── Input material
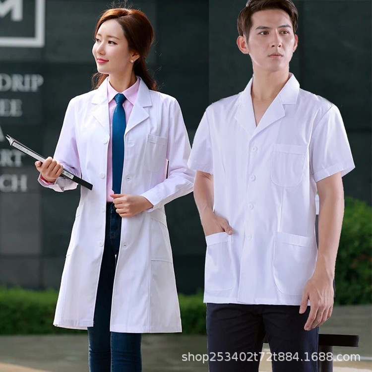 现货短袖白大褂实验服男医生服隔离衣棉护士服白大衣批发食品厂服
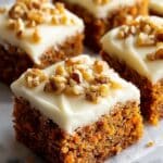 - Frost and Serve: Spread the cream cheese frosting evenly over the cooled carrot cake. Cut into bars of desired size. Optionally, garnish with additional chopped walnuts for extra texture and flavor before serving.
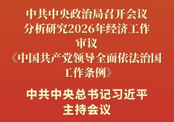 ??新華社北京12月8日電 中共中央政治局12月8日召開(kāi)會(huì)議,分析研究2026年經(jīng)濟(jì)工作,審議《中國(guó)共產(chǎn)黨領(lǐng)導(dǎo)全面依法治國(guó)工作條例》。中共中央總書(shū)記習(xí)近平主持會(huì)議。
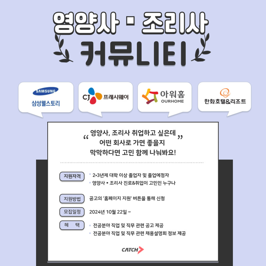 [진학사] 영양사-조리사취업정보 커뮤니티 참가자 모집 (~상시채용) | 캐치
────
── Input material
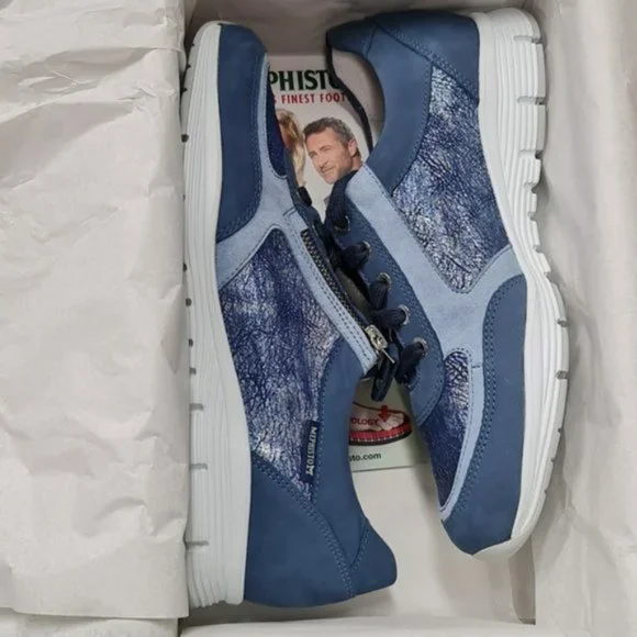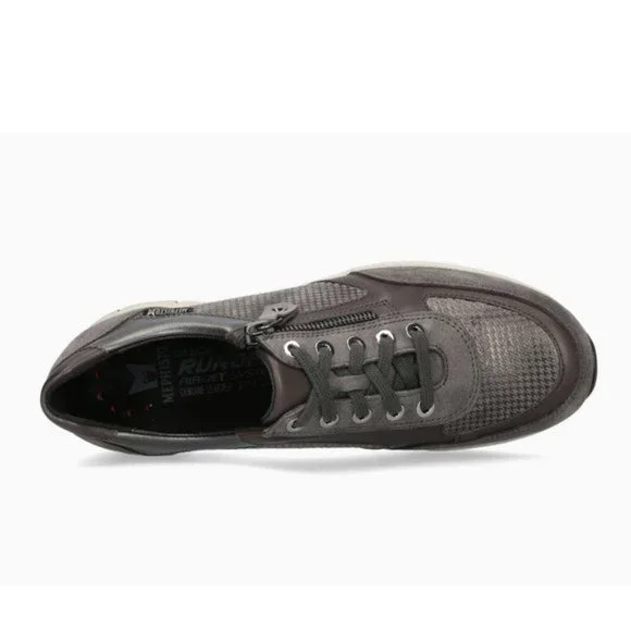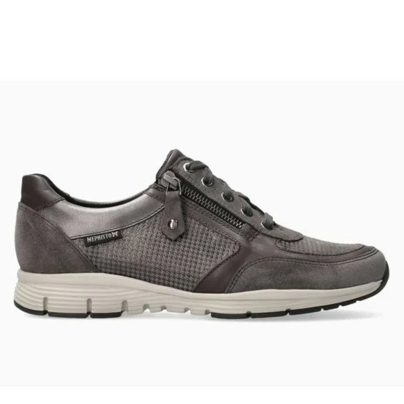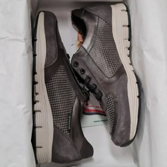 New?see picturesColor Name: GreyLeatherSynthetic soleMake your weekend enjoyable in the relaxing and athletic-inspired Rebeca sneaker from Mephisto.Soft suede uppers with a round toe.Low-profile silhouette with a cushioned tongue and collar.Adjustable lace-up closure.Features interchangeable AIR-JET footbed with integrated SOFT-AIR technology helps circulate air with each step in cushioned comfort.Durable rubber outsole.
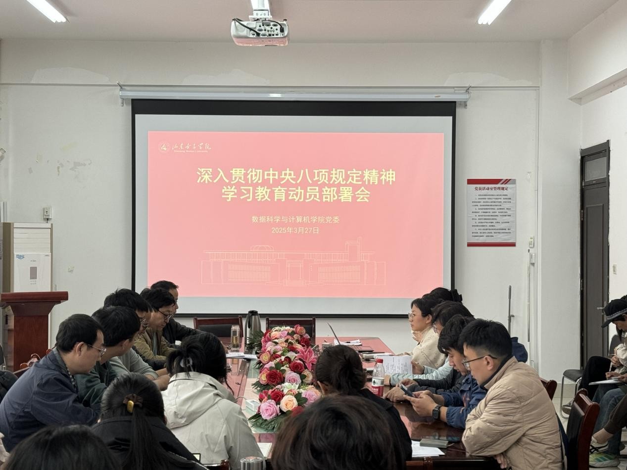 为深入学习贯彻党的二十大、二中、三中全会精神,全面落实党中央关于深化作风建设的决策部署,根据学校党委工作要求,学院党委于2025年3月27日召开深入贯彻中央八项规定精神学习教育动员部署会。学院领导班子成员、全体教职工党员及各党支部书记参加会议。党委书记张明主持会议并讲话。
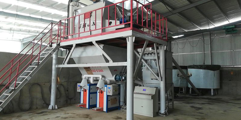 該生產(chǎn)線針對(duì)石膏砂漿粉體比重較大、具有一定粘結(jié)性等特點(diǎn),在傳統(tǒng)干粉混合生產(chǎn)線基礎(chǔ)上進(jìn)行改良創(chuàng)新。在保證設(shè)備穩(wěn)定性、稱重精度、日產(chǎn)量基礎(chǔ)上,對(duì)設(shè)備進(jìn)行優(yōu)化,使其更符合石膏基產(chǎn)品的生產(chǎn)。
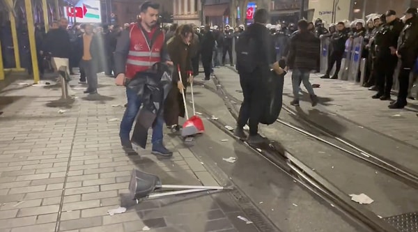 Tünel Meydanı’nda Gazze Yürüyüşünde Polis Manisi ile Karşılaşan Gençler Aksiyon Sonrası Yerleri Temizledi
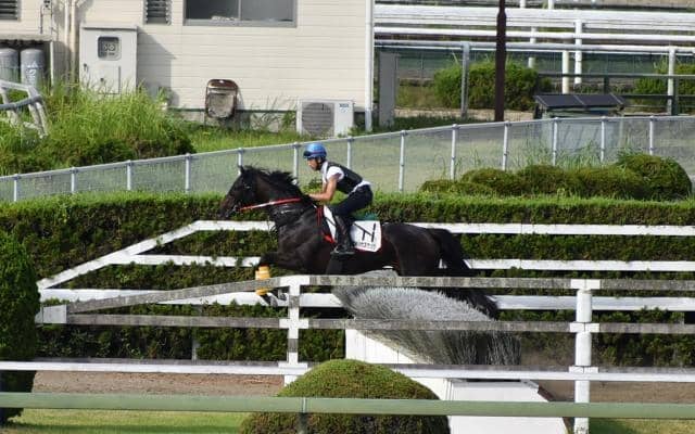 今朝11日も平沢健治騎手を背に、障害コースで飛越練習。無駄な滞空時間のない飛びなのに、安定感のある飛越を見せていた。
────
── Input material
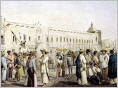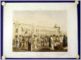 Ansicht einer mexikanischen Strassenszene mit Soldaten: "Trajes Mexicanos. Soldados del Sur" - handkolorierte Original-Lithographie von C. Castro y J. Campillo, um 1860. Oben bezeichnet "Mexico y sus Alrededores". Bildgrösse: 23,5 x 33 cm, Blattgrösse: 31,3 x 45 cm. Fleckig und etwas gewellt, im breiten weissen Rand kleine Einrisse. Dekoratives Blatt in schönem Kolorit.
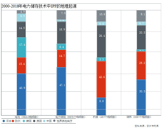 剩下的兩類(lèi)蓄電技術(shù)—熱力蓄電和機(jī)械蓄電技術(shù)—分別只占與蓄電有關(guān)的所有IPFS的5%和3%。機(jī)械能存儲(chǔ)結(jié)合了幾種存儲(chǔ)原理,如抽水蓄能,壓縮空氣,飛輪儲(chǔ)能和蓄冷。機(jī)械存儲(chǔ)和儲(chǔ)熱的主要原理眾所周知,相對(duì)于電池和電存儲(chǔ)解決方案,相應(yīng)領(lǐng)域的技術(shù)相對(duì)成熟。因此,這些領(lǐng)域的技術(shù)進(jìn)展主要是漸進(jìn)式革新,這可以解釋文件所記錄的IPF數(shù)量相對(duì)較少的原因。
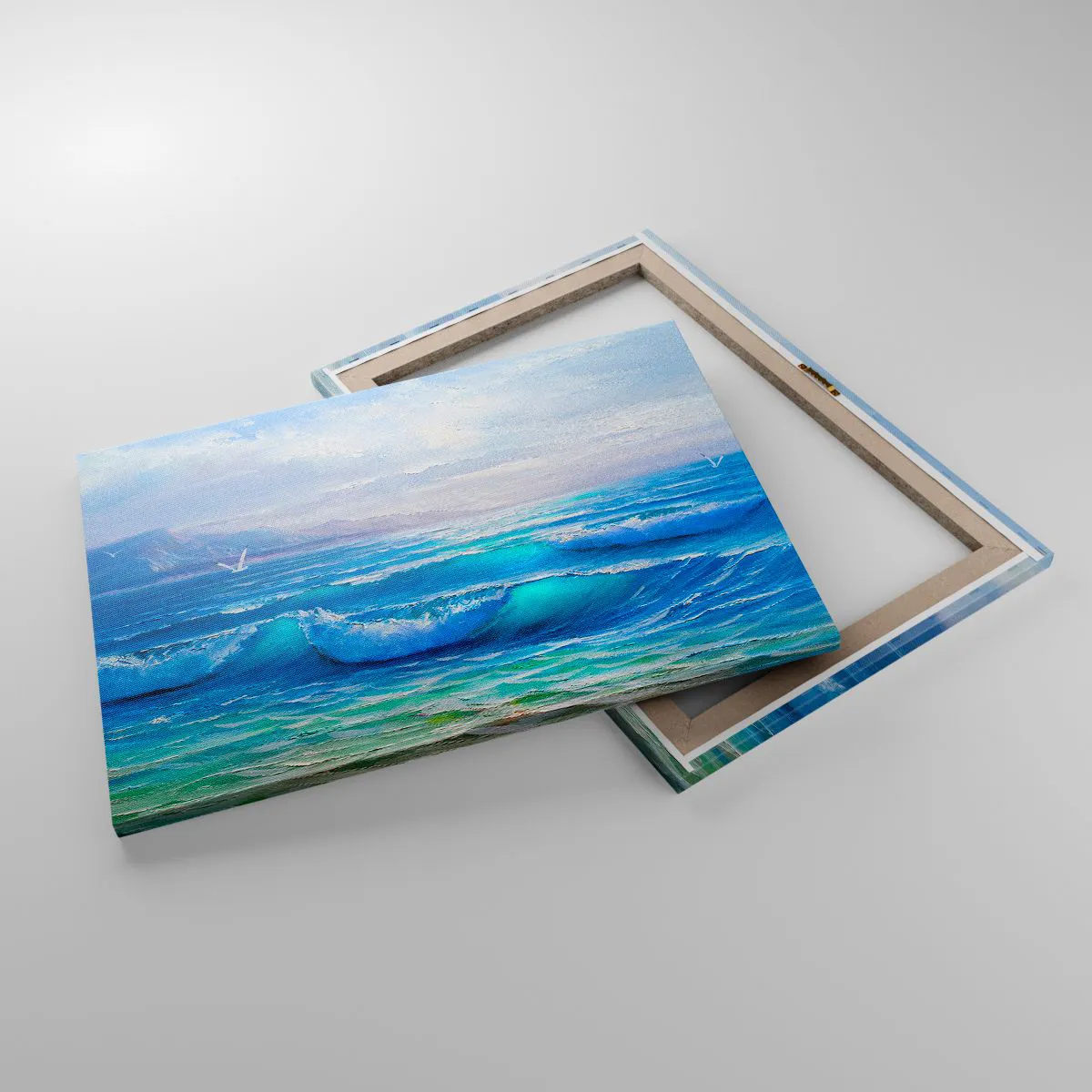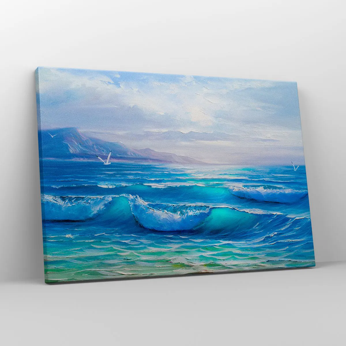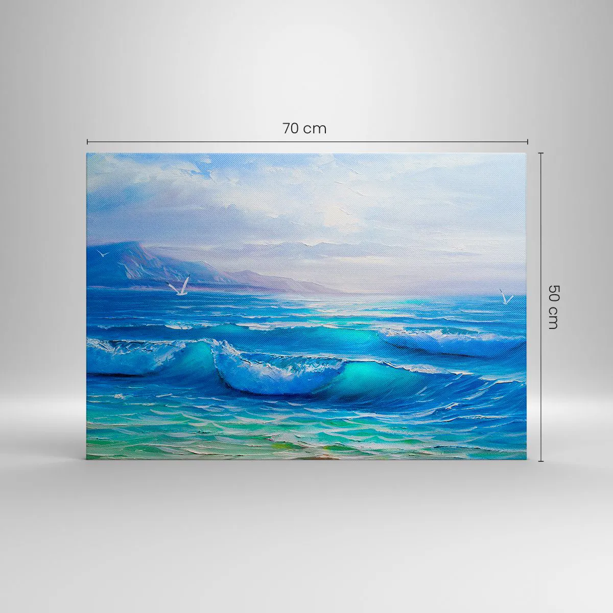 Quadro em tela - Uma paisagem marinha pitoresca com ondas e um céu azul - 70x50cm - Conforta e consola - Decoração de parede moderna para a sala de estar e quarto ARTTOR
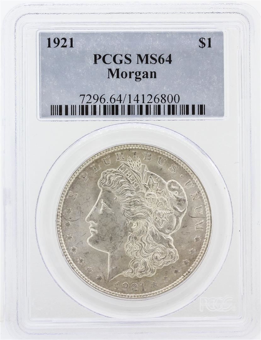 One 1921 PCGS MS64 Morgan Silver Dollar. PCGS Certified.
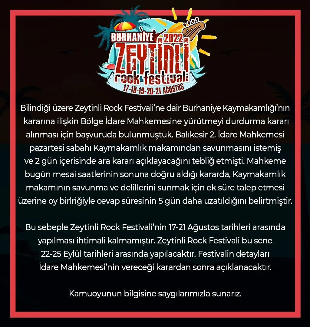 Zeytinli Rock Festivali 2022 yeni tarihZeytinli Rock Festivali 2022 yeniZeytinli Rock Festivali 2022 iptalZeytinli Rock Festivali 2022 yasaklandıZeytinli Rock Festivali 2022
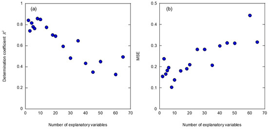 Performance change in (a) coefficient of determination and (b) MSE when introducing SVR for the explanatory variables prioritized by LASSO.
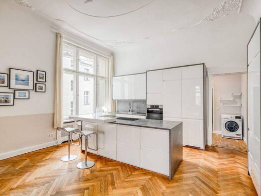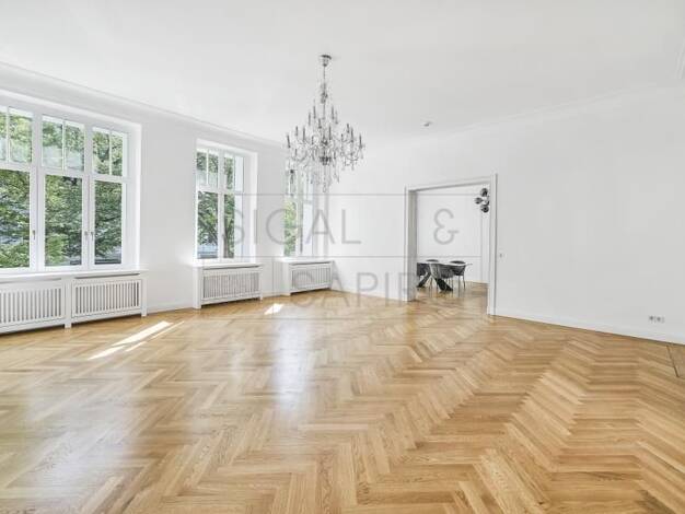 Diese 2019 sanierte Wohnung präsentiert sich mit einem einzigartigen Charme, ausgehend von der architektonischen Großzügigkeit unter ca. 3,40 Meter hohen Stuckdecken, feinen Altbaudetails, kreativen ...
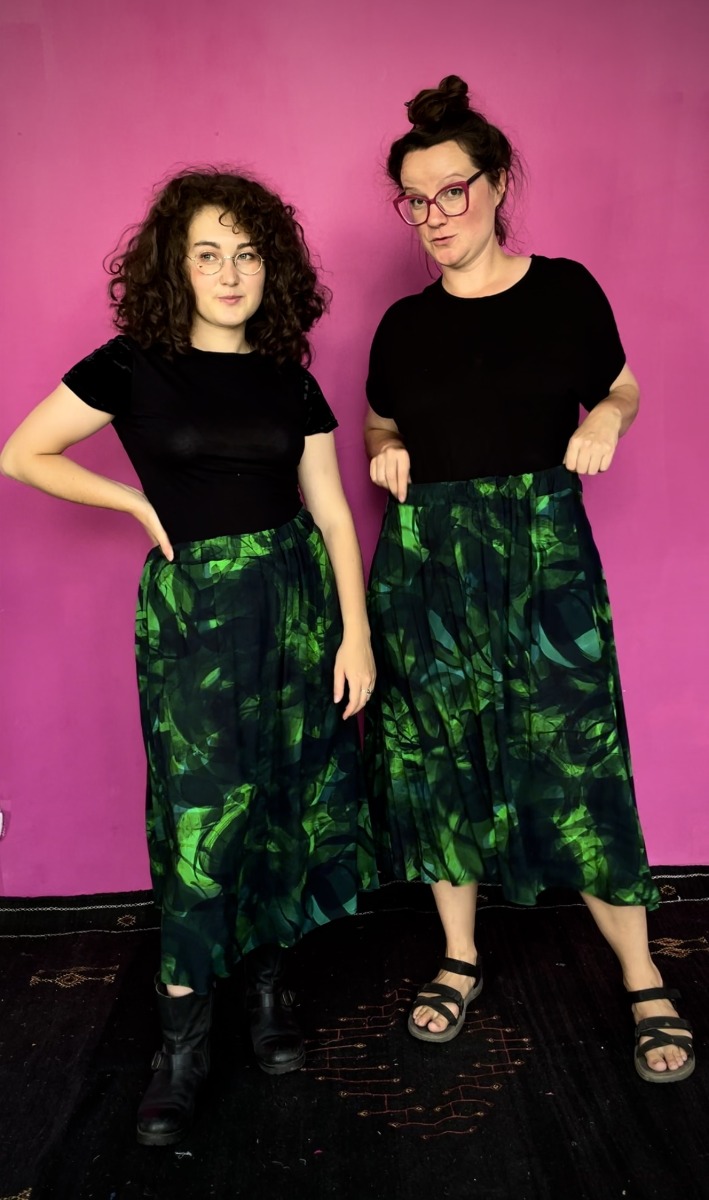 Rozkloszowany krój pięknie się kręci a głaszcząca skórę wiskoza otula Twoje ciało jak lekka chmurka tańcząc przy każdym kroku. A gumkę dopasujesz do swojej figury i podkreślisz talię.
────
**How to complete this task:**
Starting with the line above that holds "现货短袖白大褂实验服男医生服隔离衣棉护士服白大衣批发食品厂服", restate each line word for word up to and including the line that holds "[진학사] 영양사-조리사취업정보 커뮤니티 참가자 모집 (~상시채용) | 캐치". Drop the pictures.

**Expected answer:**
 现货短袖白大褂实验服男医生服隔离衣棉护士服白大衣批发食品厂服
 - Frost and Serve: Spread the cream cheese frosting evenly over the cooled carrot cake. Cut into bars of desired size. Optionally, garnish with additional chopped walnuts for extra texture and flavor before serving.
 ??新華社北京12月8日電 中共中央政治局12月8日召開(kāi)會(huì)議,分析研究2026年經(jīng)濟(jì)工作,審議《中國(guó)共產(chǎn)黨領(lǐng)導(dǎo)全面依法治國(guó)工作條例》。中共中央總書(shū)記習(xí)近平主持會(huì)議。
 [진학사] 영양사-조리사취업정보 커뮤니티 참가자 모집 (~상시채용) | 캐치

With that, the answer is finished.